# Sei troppo avanti



## licinio

Je voudrai savoir comment je pourrais dire "sei troppo avanti!", une phrase assez courante en italien "branché" entre les jeunes. S'il faut une explication, je vous la donnerai! Merci.


----------



## neeeeeco

comme pour toute expression, ça dépend du contexte.. 

si c'est pour complimenter une personne sur son apparence, on dira "t'es trop dans le coup".

si c'est plus pour ses qualités intellectuelles, on pourra dire "t'as tout compris toi" voire même "t'es en avance sur ton temps" mais dans ce cas, cela frôle le génie.


----------



## licinio

Merci pour tes propositions. En les lisant, je me suis dit que toutes sont effectivement de bons équivalents dans les différents contextes. 
Je me demande par contre si l'une de tes possibiles traductions pourrait aussi s'appliquer au cas où _sei troppo avanti_ se référerait au domaine technologique, c'est à dire pour remarquer de façon badine qu'une personne est équipée ou s'y connaît des appareils, logiciels, systèmes etc. au dernier cri.
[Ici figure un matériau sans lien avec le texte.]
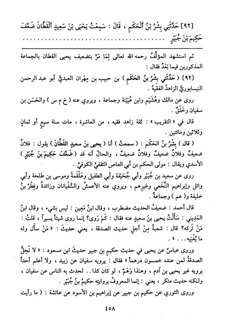 [٩٢] حَدَّثَنِي بِشْرُ بْنُ الْحَكَمِ، قَال: سَمِعْتُ يَحْيَى بْنَ سَعِيدِ الْقَطَّانَ ضَعَّفَ حَكِيمَ بْنَ جُبَيرٍ
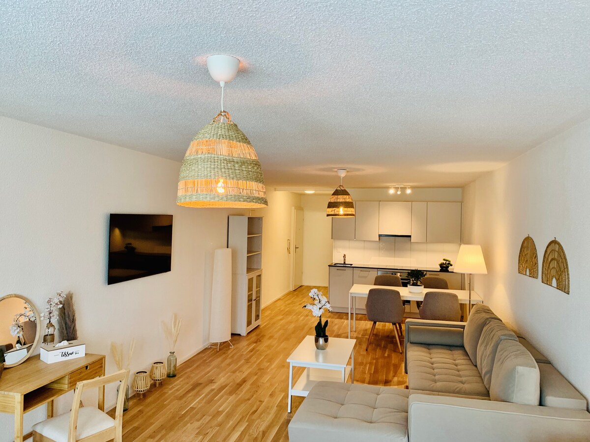 Appartamento moderno e completamente arredato (75 m2) vicino alla Fiera, al Reno, all'Holzpark, all'aeroporto e al porto. Il trasporto pubblico gratuito all'interno di Basilea e una stazione dei tram si trovano proprio intorno alla casa (19 minuti dalla stazione ferroviaria, 20 minuti dall'aeroporto). Trilocale in palazzina di oltre 100 anni con cucina completamente attrezzata e bagno. WiFi, grande TV + Netflix, ferro da stiro, asciugacapelli e caffè sono tutti disponibili. L'appartamento si trova al piano terra.

Peut-être _t'es trop dans le coup_?


----------



## chlapec

Une façon de le dire pourrait être: "T'es sacrément balèze en informatique".


----------



## Corsicum

Aussi : « _Toucher sa bille » _ou plus simple_ « toucher »_
_Tu touches en info.  !!!_


----------



## Kinoka

T'as une longueur d'avance / T'es vachement calé / Tu assures grave
 en informatique ou dans d'autres domaines!


----------